== Task to carry out ==
Return all of the entries exactly, but do not include the pictures.

Task input Block Start

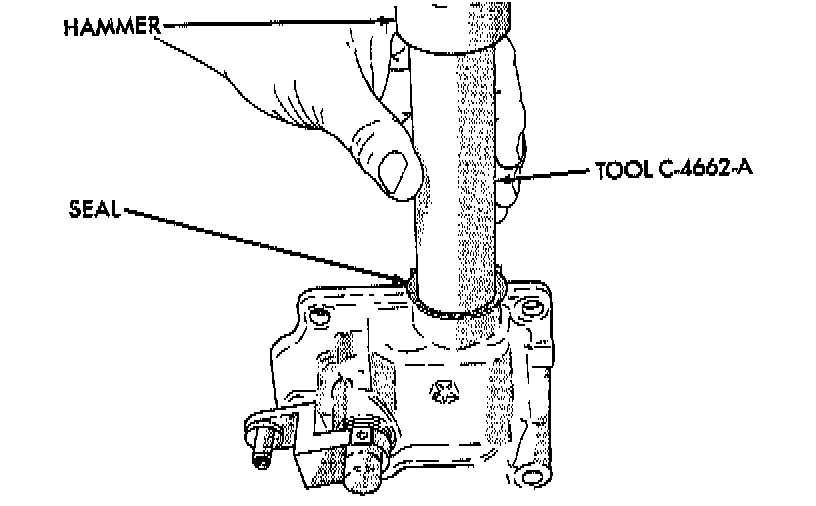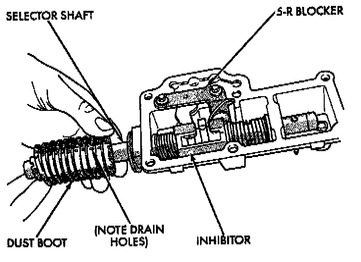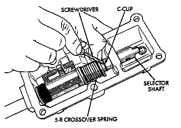 The C-clip grooves in the selector shaft will damage the oil seal. Install oil seal after selector shaft is installed. Always use a new oil seal when selector shaft is removed.
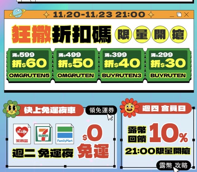 連續四天 晚上九點 599-60 499-50 399-40 299-30 然後星期二 晚上 還有免運 https://i.imgur.com/8llBQ9S.jpg
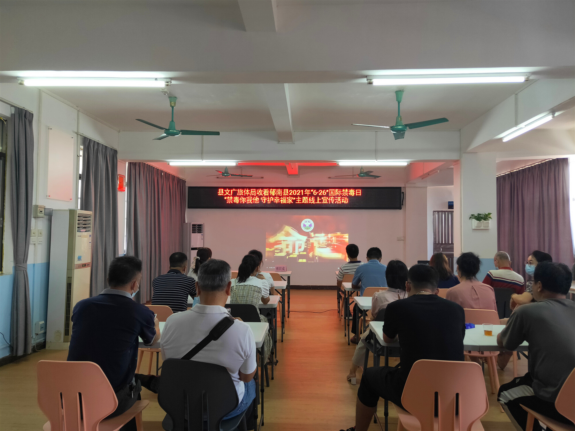 為進(jìn)一步加大禁毒宣傳力度,支持、參與禁毒工作,掀起禁毒宣傳熱潮,6月25日上午,郁南縣文廣旅體局組織干部職工在縣圖書(shū)館四樓視聽(tīng)室觀看郁南縣2021年“6·26”國(guó)際禁毒日“禁毒你我他 守護(hù)幸福家”主題線上宣傳活動(dòng)。郁南縣文廣旅體局黨組書(shū)記、局長(zhǎng)傅熾成,分管禁毒、行政執(zhí)法等工作的副局長(zhǎng)張世佳同志參加了活動(dòng)。
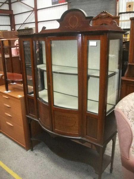 Bow Front Inlaid Mahogany Glazed Cabinet on Tapered Legs
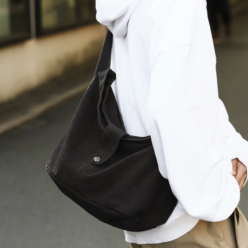 复古帆布包男女生单肩斜挎包大容量上课邮差背包通勤托特包饺子包
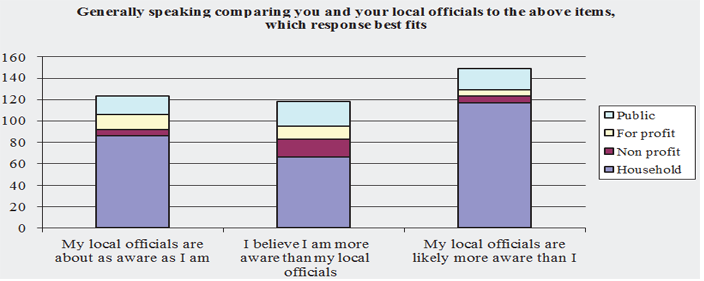 Figure 8, details relative awareness based on perceptions of respondents and their local officials. A telling response is the household frame of reference expectations of their local officials more aware as a whole. Table 5, is an aggregate of Harris County residents, notwithstanding frame of reference of response, in respect to the 12 elements of sustainability. Columns one and three are key responses in this question.

Task input Block End

== Solution ==
 The C-clip grooves in the selector shaft will damage the oil seal. Install oil seal after selector shaft is installed. Always use a new oil seal when selector shaft is removed.
 連續四天 晚上九點 599-60 499-50 399-40 299-30 然後星期二 晚上 還有免運 https://i.imgur.com/8llBQ9S.jpg
 為進(jìn)一步加大禁毒宣傳力度,支持、參與禁毒工作,掀起禁毒宣傳熱潮,6月25日上午,郁南縣文廣旅體局組織干部職工在縣圖書(shū)館四樓視聽(tīng)室觀看郁南縣2021年“6·26”國(guó)際禁毒日“禁毒你我他 守護(hù)幸福家”主題線上宣傳活動(dòng)。郁南縣文廣旅體局黨組書(shū)記、局長(zhǎng)傅熾成,分管禁毒、行政執(zhí)法等工作的副局長(zhǎng)張世佳同志參加了活動(dòng)。
 Bow Front Inlaid Mahogany Glazed Cabinet on Tapered Legs
 复古帆布包男女生单肩斜挎包大容量上课邮差背包通勤托特包饺子包
 Figure 8, details relative awareness based on perceptions of respondents and their local officials. A telling response is the household frame of reference expectations of their local officials more aware as a whole. Table 5, is an aggregate of Harris County residents, notwithstanding frame of reference of response, in respect to the 12 elements of sustainability. Columns one and three are key responses in this question.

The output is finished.